Big Data continues to buzz and feed the wildest expectations in organizations. Without objectification, some of these expectations will remain at the stage of fantasy and therefore inevitably frustrate and disappoint. However, the concrete achievements of Big Data we work are passing from fantasy to reality.
To extend your pleasure, this article is offered in two parts. This first post shows the first 3 temptations of Big Data.
Temptation # 1: Leverage gargantuan volumes of data
It is almost a tautology, big data allows to exploit huge volumes. This is also one of the components of its most commonly accepted definition, based on the 3V Volume, Variety, Velocity. The volumes managed in Big Data bases are theoretically infinite (through extreme scalability enabled by these architectures). However, most real projects range from a few hundred GB and tens of terabytes of stored data.
We also regularly ask the question whether it is appropriate to carry out a project for Big Data volumes lower than TB. The answer is clearly yes! The volume of data is not the first criterion which justifies the use of Big Data … There are 6 other temptations you must yield.
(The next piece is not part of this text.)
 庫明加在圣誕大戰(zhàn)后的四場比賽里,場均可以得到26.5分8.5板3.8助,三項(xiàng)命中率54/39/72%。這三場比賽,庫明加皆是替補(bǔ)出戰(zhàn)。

Moreover, even if the current volume of data you want to use is not yet very important, nothing says it will not be in the future. Indeed, once the first initiatives implemented, it will be tempting to exploit new information that can be large. In addition, with the spread of sensors and other connected objects, there likely that your organization has to deal also with higher volumes of data very quickly to TB.
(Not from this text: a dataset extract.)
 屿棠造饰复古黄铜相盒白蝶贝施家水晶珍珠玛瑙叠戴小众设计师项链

Temptation 2: Make use of new sources of information
Gartner measured only 30% of corporate data that is used. 70% of information “in the shadow” can thus miss out on active opportunities. This data includes in contracts, reports, exchanges between customers and service … but especially Excel tables scattered on the company workstations.
In addition, it is the exploitation of external data that is source of value:
- Open-data or resold by other companies data (INSEE, weather, telecom operators …) to contextualize and enrich the understanding of the environment
- Sensor Data or objects connected to acquire everyday information at the place of use of the topic (machine factory, a log IF, use of a product by a customer…)
All these data, yet few (or no in most cases) exploited open new fields of investigation and certainly the key to new business opportunities.
Temptation 3: Play with unstructured data
Until then, only the data called “structured” were operated by organizations. Structured means that it must be able to organize information by storing them in boxes at predetermined format (imposed by the SQL database models) and that the data is manipulated directly (ie in 90 % of digital information). And this has gradually led our organizations to put blinders on and ignore the wealth of knowledge that can reveal other types of data.
With Big Data, everything is given (you will notice the voluntary dual meaning of this assertion)! Thus, one can use the information we do not know a priori how they are organized or whose shape is changing. One can also use images, sound and video. For example, analysis of the SNCF rail pictures (simply taken by trains in circulation) to identify where preventive maintenance is to be performed.